#### [Data records]
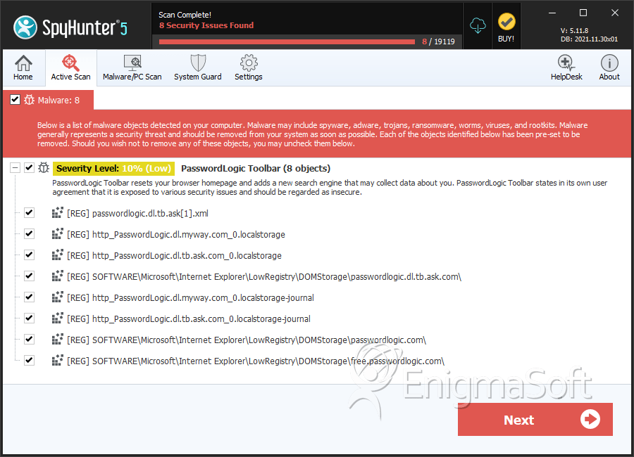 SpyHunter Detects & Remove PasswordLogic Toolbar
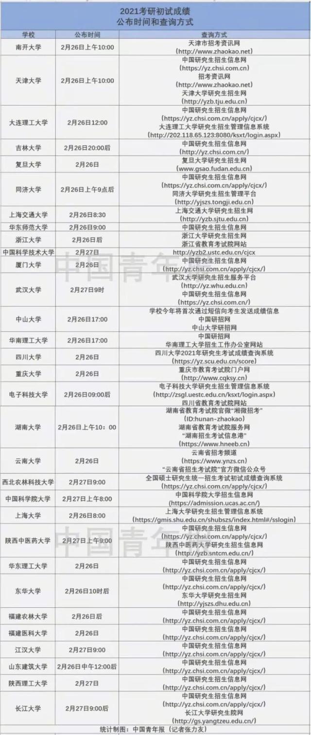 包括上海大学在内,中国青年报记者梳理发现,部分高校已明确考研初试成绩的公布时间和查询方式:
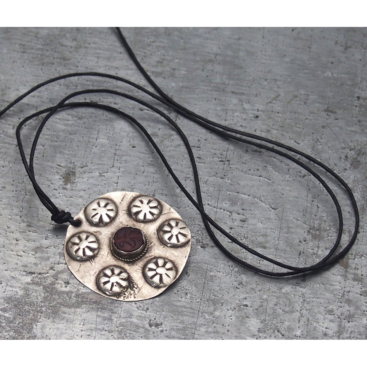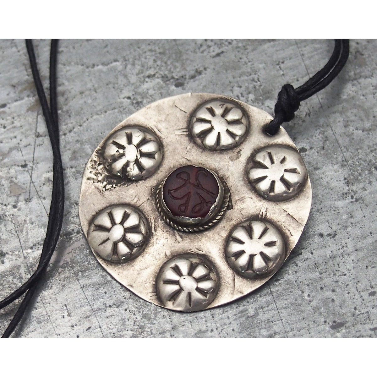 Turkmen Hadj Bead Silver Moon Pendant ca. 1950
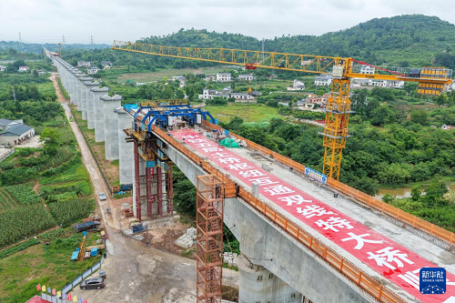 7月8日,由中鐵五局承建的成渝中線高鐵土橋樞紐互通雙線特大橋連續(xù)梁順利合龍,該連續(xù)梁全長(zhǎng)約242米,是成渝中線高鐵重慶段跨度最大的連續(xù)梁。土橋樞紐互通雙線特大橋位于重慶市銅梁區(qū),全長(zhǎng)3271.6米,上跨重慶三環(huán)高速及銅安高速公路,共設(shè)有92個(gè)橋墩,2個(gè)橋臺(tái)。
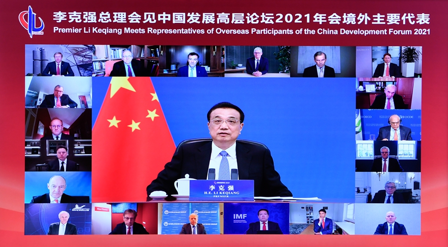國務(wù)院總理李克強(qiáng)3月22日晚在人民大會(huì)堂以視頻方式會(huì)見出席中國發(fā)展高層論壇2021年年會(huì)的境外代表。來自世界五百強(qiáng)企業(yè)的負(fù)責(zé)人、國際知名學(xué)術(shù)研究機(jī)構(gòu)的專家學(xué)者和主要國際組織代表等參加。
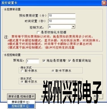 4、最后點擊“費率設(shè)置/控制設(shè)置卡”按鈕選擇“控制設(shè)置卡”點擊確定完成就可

#### [Your task]
The answer must be an exact reproduction of the records, with every picture left out.

#### [Response area]
 SpyHunter Detects & Remove PasswordLogic Toolbar
 包括上海大学在内,中国青年报记者梳理发现,部分高校已明确考研初试成绩的公布时间和查询方式:
 Turkmen Hadj Bead Silver Moon Pendant ca. 1950
 7月8日,由中鐵五局承建的成渝中線高鐵土橋樞紐互通雙線特大橋連續(xù)梁順利合龍,該連續(xù)梁全長(zhǎng)約242米,是成渝中線高鐵重慶段跨度最大的連續(xù)梁。土橋樞紐互通雙線特大橋位于重慶市銅梁區(qū),全長(zhǎng)3271.6米,上跨重慶三環(huán)高速及銅安高速公路,共設(shè)有92個(gè)橋墩,2個(gè)橋臺(tái)。
國務(wù)院總理李克強(qiáng)3月22日晚在人民大會(huì)堂以視頻方式會(huì)見出席中國發(fā)展高層論壇2021年年會(huì)的境外代表。來自世界五百強(qiáng)企業(yè)的負(fù)責(zé)人、國際知名學(xué)術(shù)研究機(jī)構(gòu)的專家學(xué)者和主要國際組織代表等參加。
 4、最后點擊“費率設(shè)置/控制設(shè)置卡”按鈕選擇“控制設(shè)置卡”點擊確定完成就可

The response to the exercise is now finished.